UPDATED 01:42 EDT / OCTOBER 26 2016

NEWS

Red Hat: OpenStack moving beyond the proof-of-concept phase

OpenStack production deployments increased significantly in the last year, according to a survey of 150 information technology decision makers and professionals carried out by Red Hat Inc.

Red Hat’s annual poll found that 43 percent of respondents have deployed the cloud platform in production, compared to just 16 percent one year ago. The company reckons the increase reflects efforts by the community to address complexity and deployment issues that were previously known to have been a major roadblock to adoption.

The study also noted that the steep learning curve for deploying OpenStack is being addressed as a growing number of engineers become certified to operate the platform. In addition, Red Hat cited cloud native application development as another driving force in enterprise adoption of OpenStack.

Separately, Red Hat announced that Produban Servicios Informáticos Generales S.L., the IT services arm of the Spanish bank Grupo Santander, has deployed its OpenShift container platform in a deal that represents one of the first production deployments of the Kubernetes container orchestrator running on OpenStack.

Red Hat cited this particular deal as evidence that application development use cases are one of the main factors driving production deployments of the OpenStack platform. Its survey backs this up, as two-thirds of respondents confirmed that they are currently using, or plan to use platform-as-a-service offerings with OpenStack soon. According to Red Hat that’s evidence of big interest among enterprises in using these complementary technologies.

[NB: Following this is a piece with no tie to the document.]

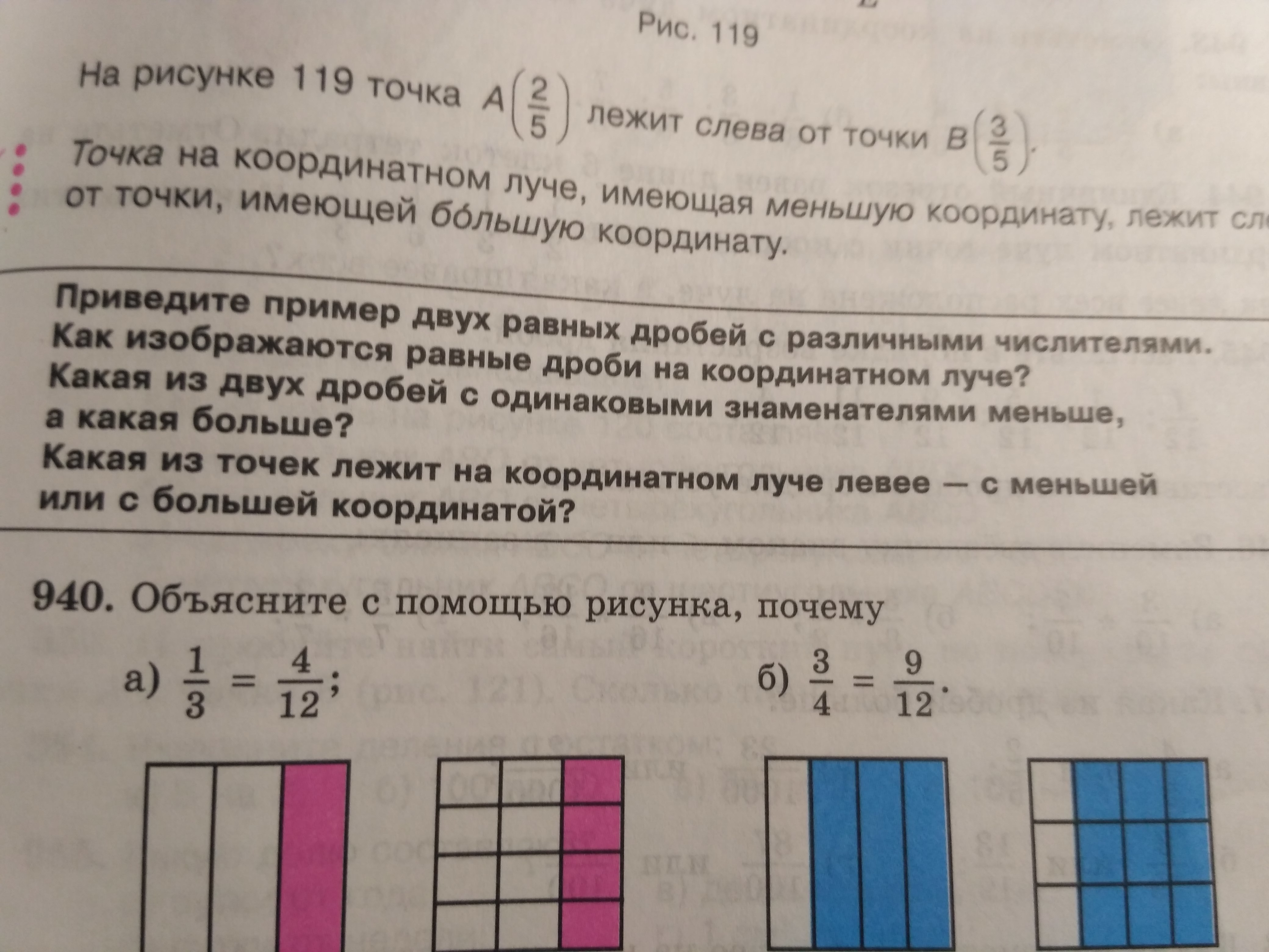 2)равные дроби на координатном луче изоброжаются одной и тойже точкой

“Adding another layer of importance to the interplay of OpenStack and PaaS is the growth of Linux containers, particularly among developers,” the company said. “As containerized applications emerge as a new workload type, OpenStack is a prime deployment environment among respondents. Only four percent of respondents are not considering containers on OpenStack, while fifty-seven (57) percent of respondents said that they are already using or plan to use containers on OpenStack, with the remainder undecided.”

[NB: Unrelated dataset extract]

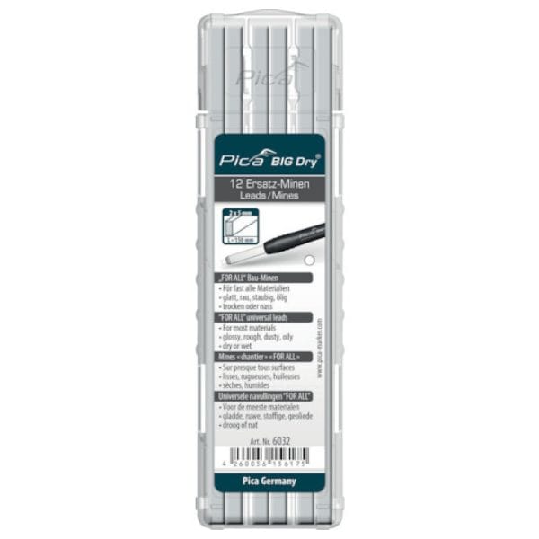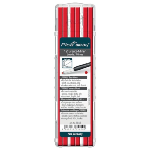 ピカマーカー 4020 建築用シャープペンシル“Dry”用替芯 8本入り 赤黄(各2本)黒2B(4本)
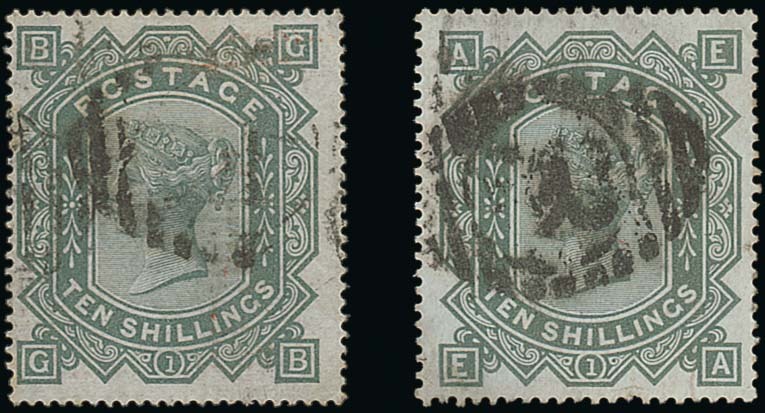10/- greenish grey GB, Watermark Anchor, white paper 10/- greenish grey EA, each with barred oval cancellations; sound. S.G. 128, 135, £7,700. Photo

Red Hat’s survey also looked at some of the factors preventing enterprises from deploying OpenStack in production, and found that many distributions lack effective cloud management tools for private and hybrid deployments. As a result, customers are increasingly turning to third-party management tools for monitoring workload performance.

The survey also found a growing desire for the ability to migrate virtualized and other workloads across OpenStack. Some 67 percent of respondents indicated that workload portability was a key feature lacking in most OpenStack distributions.

All in all, Red Hat argues that its survey shows OpenStack has navigated past early obstacles in its path to enterprise adoption, and is now ready for prime time. It’s a similar argument to that made by proponents of container deployments.

“There are distinct needs that still [must] be addressed, namely unified management and ensuring strong support for Linux containers, but overall, OpenStack is now beyond the proof-of-concept phase and ready to support mission-critical operations,” the Red Hat survey concluded.